Подразделение литературы на драматическую, эпическую и лирическую может ввести в заблуждение, если из него будет сделан вывод, что любой из этих жанров, взятый в отдельности, исключает остальные. На самом же деле драматические произведения составляются из эпических и лирических элементов. Сюжет является эпическим элементом. Лирический элемент проявляется в диалоге или же вообще нигде не проявляется.
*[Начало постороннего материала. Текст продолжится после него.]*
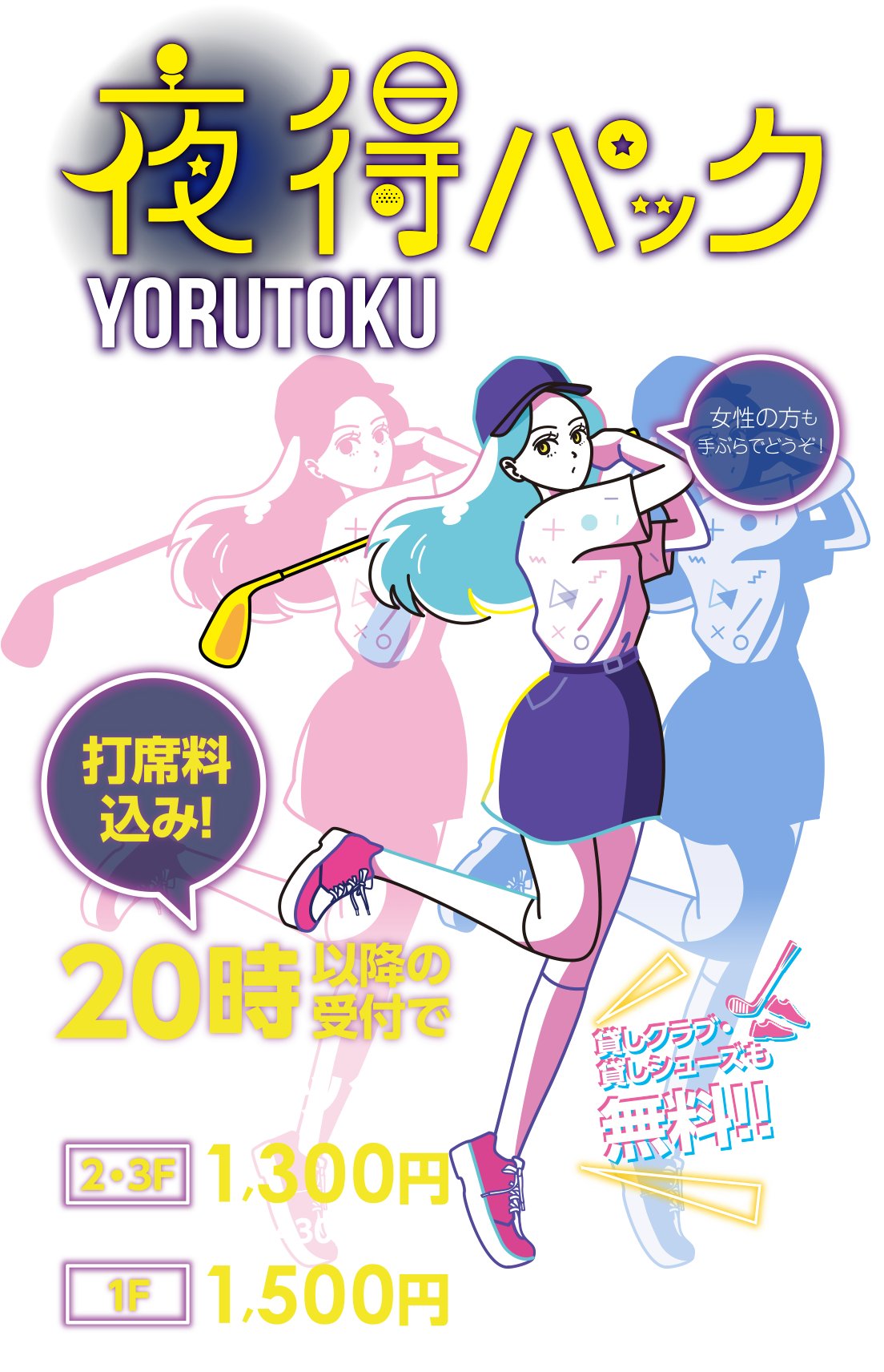 ゴルフ初心者の方の練習や、お仕事帰りの打ちっぱなしなど、ぜひお友達とご一緒にお越しください!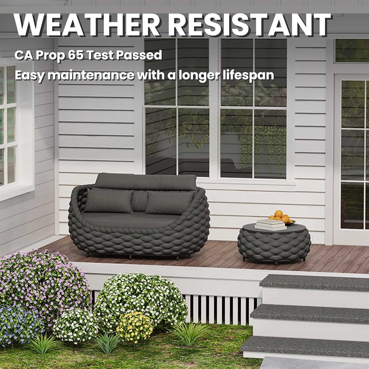 Patio Loveseat with Table: Aluminum Hand Woven Rope 2 Piece Patio Furniture Set - Cushioned Outdoor Seating Set - Modern Metal Lounge Set Assembled for Porch Balcony Deck Garden Hotel, Dark Grey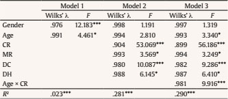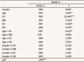 Table 3 presents results for multivariate regression of combined offline- and online-bullying perpetration. Gender and age were significantly associated with bullying in Model 1 (R2 = .023), with boys and older students reporting greater bullying. In Model 2, the separate moral disengagement strategies were added; all were significantly and independently associated with bullying (R2 = .281). With these in the model, neither gender nor age were significant predictors. Multivariate tests showed that inclusion of moral disengagement strategies in Model 2 yielded a significantly better model fit.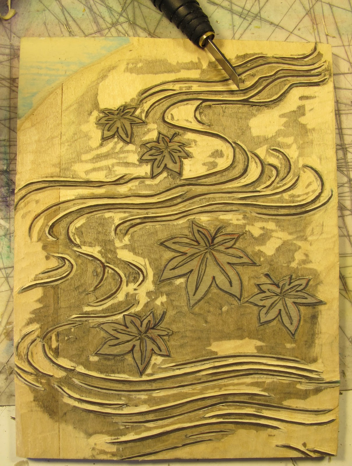 Per la stampa del Keyblock ho poi deciso di utilizzare invece dell'inchiostro sumi acquistato recentemente, una qualità diversa, da calligrafia, che avevo acquistato nel mio primo viaggio in Giappone. Come potete vedere il nero è molto più delicato e meno coprente e mi sembrava molto più adatto a questa stampa.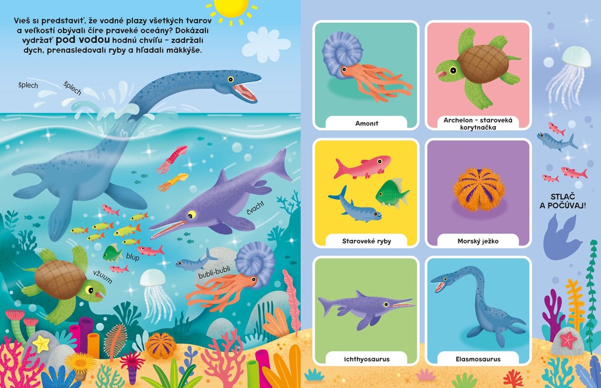 Táto farebná zvuková kniha je skvelým predstavením prehistorického sveta! Zabavte sa pri spoznávaní mien dinosaurov a ťuknutím na obrázky si vypočujte, aké zvuky vydávali.
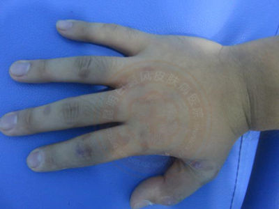 ▲病 史:患者家长主诉,孩子学习压力大,饮食、作息都很不规律,于两年前发现手部出现白斑,治疗效果不佳,今来我院治疗。

Тот факт, что столь многие современные драмы начисто лишены лиризма, вряд ли характеризует современную драму с выгодной стороны; как я уже говорил, многие драматические произведения семнадцатого и восемнадцатого веков тоже совершенно антилиричны. Весь исторический период после средних веков, получивший название нового времени, тяготеет к специализации. Лирической драмой нового времени стала опера, и это, конечно, достижение. К числу же неудач следует отнести появляющиеся время от времени драмы, перенасыщенные лирикой. В качестве яркого образчика современной драмы такого сорта я мог бы назвать «Не надо сжигать эту женщину». К этой же драматургической категории я, безусловно, причислил бы и пьесы Габриэля д'Аннунцио. Многочисленные плоды различных течений, ратовавших за возрождение поэтической драмы, с неизбежностью оказываются лиричными сверх всякой меры. Впрочем, Т.-С. Элиот, как мне кажется, избрал другой путь: исключив поэзию из большинства своих поэтических пьес, он разработал риторический стих, отличающийся большой выразительной силой и глубоким драматизмом.

Рассматривая историю драматургии с семнадцатого века до наших дней, испытываешь невольное искушение видеть в ней сплошной упадок. Недаром Йитс писал:

Шекспировская рыба скиталась в просторах морей, Романтическая рыба металась в плену сетей. Какая же это рыба трепыхается меж камней?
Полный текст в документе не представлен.